Türkiye’nin hava sınırını ihlal eden bir Rus uçağını düşürmesinin ardından yine çok yönlü bir tartışmanın içerisinde bulduk kendimizi. İhlaller geçmişi olan bir hadiseydi. Türkiye de defaatle bu yönde ikaz yapmıştı. Birinci elden gözlemlerime dayanarak söyleyebilirim ki Ruslar bu ihlallere olabildiğince gayri ciddi bir şekilde yaklaşıyordu. İhlalleri önemsemedikleri gibi Türkiye’nin tepkisine de yine aynı ciddiyetsizlikle yaklaşıyorlardı.
Üstüne üstlük bu ihlallerden birisini Türkiye’nin yanı başında sadece kültürel değil stratejik hassasiyetimizin de olduğu Türkmen Dağı’nı hedef alırken yapınca Türkiye angajman kuralları gereği önce 5 dakikada 10 kez uyardı, ardından da uçağı F-16’lar marifetiyle düşürdü.
Bir başka deyişle yanı başımızda en yakın müttefiklerimizi çoluk
çocuk demeden hedef alan Rus uçaklarının, uyarılmasına rağmen
sınırımızı ihlal etmesi karşısında Türkiye en doğal uluslararası
hakkını kullanarak Rus uçağını düşürdü.

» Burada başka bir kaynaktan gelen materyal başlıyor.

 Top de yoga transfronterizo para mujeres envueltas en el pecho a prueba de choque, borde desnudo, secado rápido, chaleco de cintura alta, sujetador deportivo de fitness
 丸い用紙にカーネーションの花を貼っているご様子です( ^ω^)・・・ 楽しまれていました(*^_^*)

Aslında açıklamalara
bakarsak düşürüldüğünde uçağın Rusya’ya ait olduğunun bilinmediği
ortaya çıkıyor ki bu da son zamanlarda Esed-Rusya ikilisi
tarafından sıklıkla kullanılan bir stratejiye dönüşmüş durumda.

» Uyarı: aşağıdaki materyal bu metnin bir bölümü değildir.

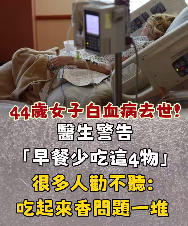 44歲女子白血病去世!醫生警告「早餐少吃這4物」很多人勸不聽:吃起來香問題一堆!
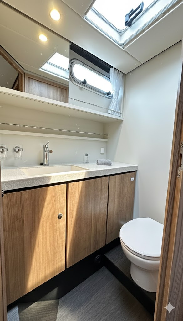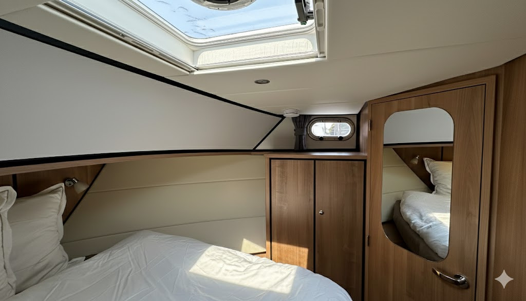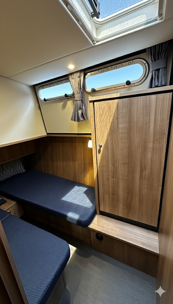 Verdunklungs-/Mückengitter in den Luken der Vorderkabine, Kajüte und Nasszelle
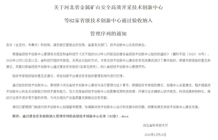 万杰科技通过建设任务验收纳入管理序列的省级技术创新中心
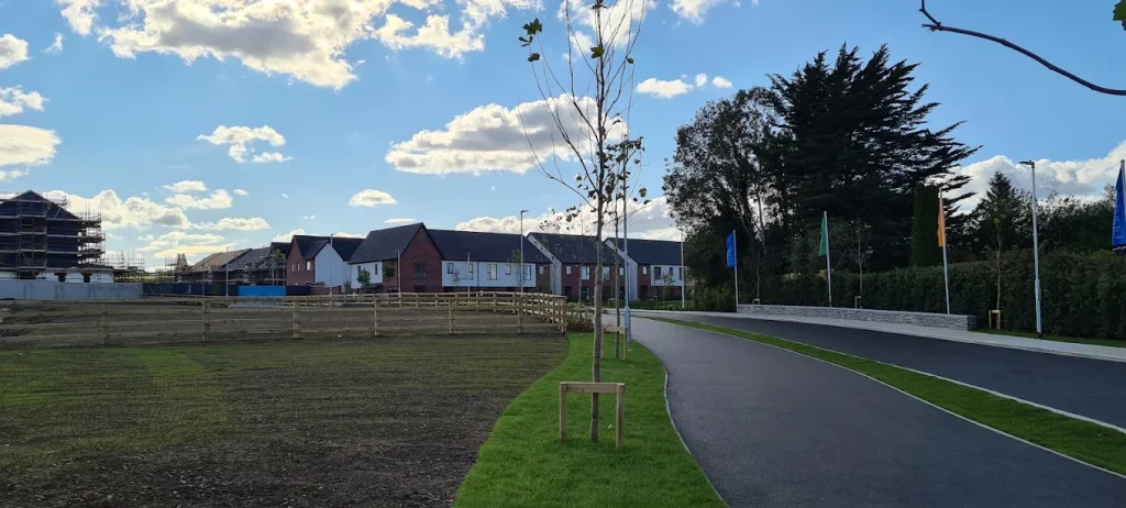 The c.17.5-hectare development includes 377 units, consisting of 255 houses and 122 apartments and duplexes. It features amenities such as a crèche, a retail unit, parks, green links, and cycle routes.
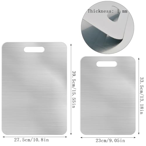 【Two-Size Combo Set】: The chopping board set includes two pieces (39.5×27.5cm and 33.5×23cm), stainless steel kitchen chopping board can fulfill different scenarios: The large stainless cutting board for meat processing, the small pure cutting board for fruits/vegetables, enabling rational allocation.
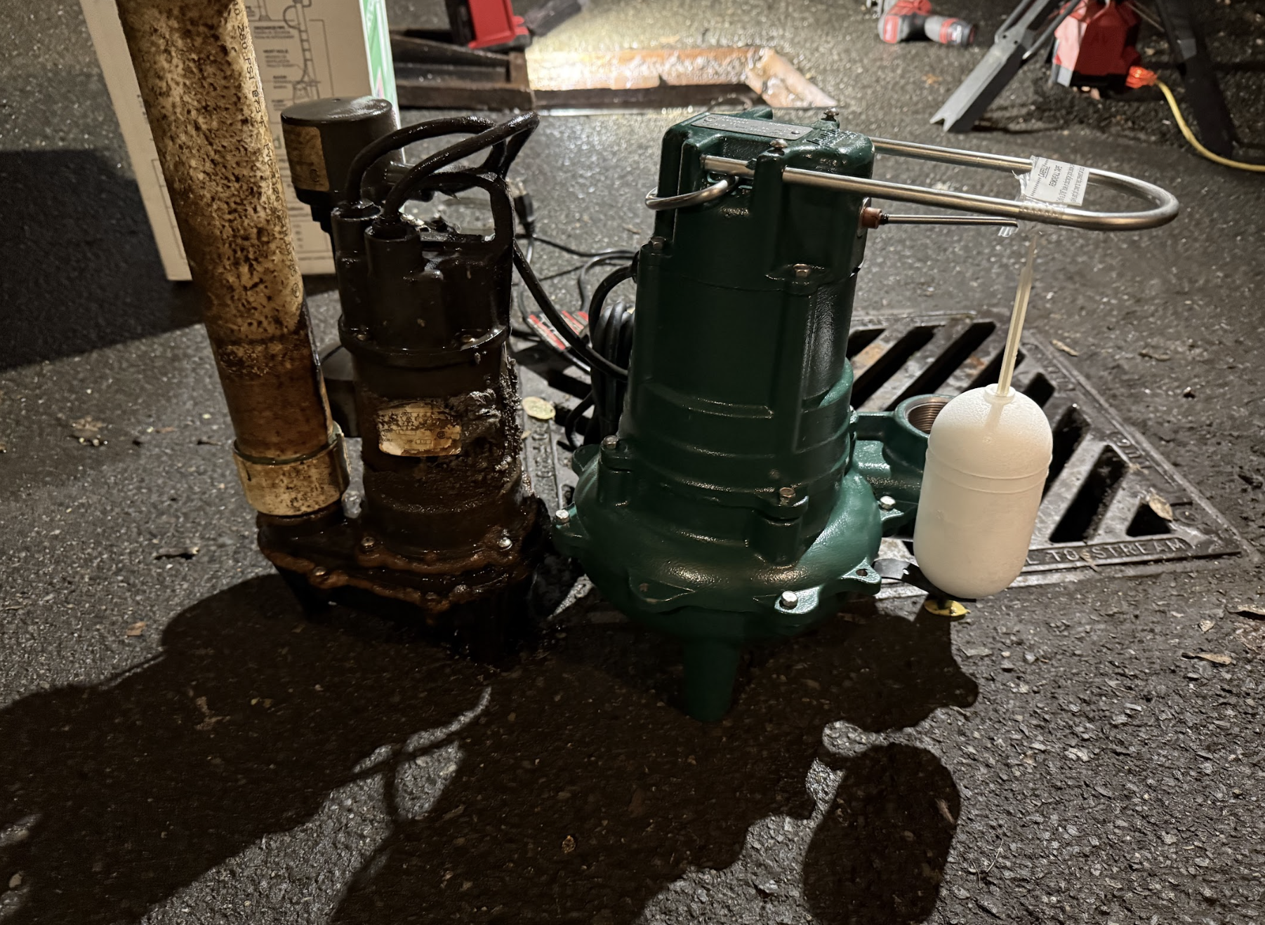 Our Sump pumps automatically turn on when the water inside the sump pit reaches a certain level. They pump water away from the house, ensuring your basement or crawl space remains dry during heavy rain or floods.
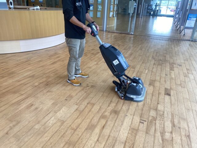 その他小型で取り回しのいい自動洗浄機を使用して、木床の洗浄清掃も行っています。
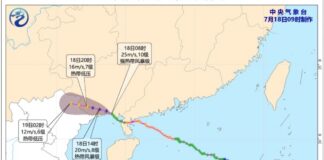中央氣象台料泰利今晚至明日凌晨在越南北部消散 本...
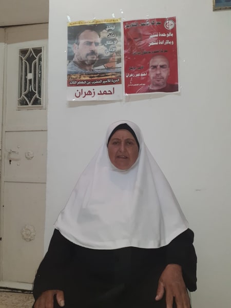 تجهل الحاجة رسيلة شحادة زهران (أم عادل) 72 عاماً من بلدة دير أبو مشعل شمال غرب رام الله، أي معلومة عن الوضع الصحي لابنها أحمد المضرب عن الطعام منذ 32 يوماً، حيث يمنع الاحتلال المحامين من زيارته في عزل سجن النقب.

Milliyeti belirsiz uçaklar daha önce de Genelkurmay açıklamalarında
sıklıkla yer almıştı. Peki, milliyeti bilinse de vurulur muydu?
Muhtemelen vurulurdu zira Rusların ciddiyetsizlikle yaklaştığı bu
ihlal meselesine Türkiye son derece ciddi yaklaşıyor.